Cigarette : A pinch of tobacco rolled in paper with fire at one end a fool on the other
Lecture : An art of transferring information from the notes of the Lecturer to the notes of the students without passing through the minds of either (I hope not !!)
Conference : The confusion of one man multiplied by the number present.
Conference Room : A place where everybody talks, nobody listens and everybody disagrees later on.
Committee : Individuals who can do nothing individually and sit to decide that nothing can be done together.
Office : A place where you can relax after your strenuous home life.
Compromise : The art of dividing a cake in such a way that everybody believes he got the biggest piece.
Tears : The hydraulic force by which masculine will-power is defeated by feminine water power
Dictionary: A place where success comes before work.
Classic : A book which people praise, but do not read.
Smile : A curve that can set a lot of things straight.
Etc. : A sign to make others believe that you know more than you actually do.
Atomic Bomb: An invention to end all inventions.
Philosopher : A fool who torments himself during life, to be spoken of when dead.
Diplomat : A person who tells you to go to hell in such a way that you actually look forward to the trip.
Opportunist : A person who starts taking bath if he accidentally falls into a river.
Optimist : A person who while falling from Eiffel tower says in midway "See I am not injured yet."
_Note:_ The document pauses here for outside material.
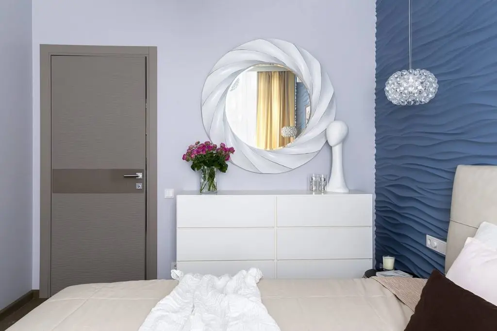 Dormitorul matrimonial inchide atmosfera si pozitioneaza central un pat generos in spatele caruia se face remarcat un tapet tridimensional, de nuanta inchisa, ce hipnotizeaza vizual si aduce incaperii natura in forma ei cea mai adorata: valuri, mare, liniste.Nu avem cum sa nu observam prezenta obiectelor de iluminat moderne dar cu un aer usor vintage ce imita candelabrele din pietre pretioase.

Miser : A person who lives poor so that he can die rich.
Father : A banker provided by nature.
Criminal : A guy no different from the rest....except that he got caught.
Boss : Someone who is early when you are late and late when you are early.
Politician : One who shakes your hand before elections and your confidence after.
Doctor : A person who kills your ills by pills, and kills you with his bills.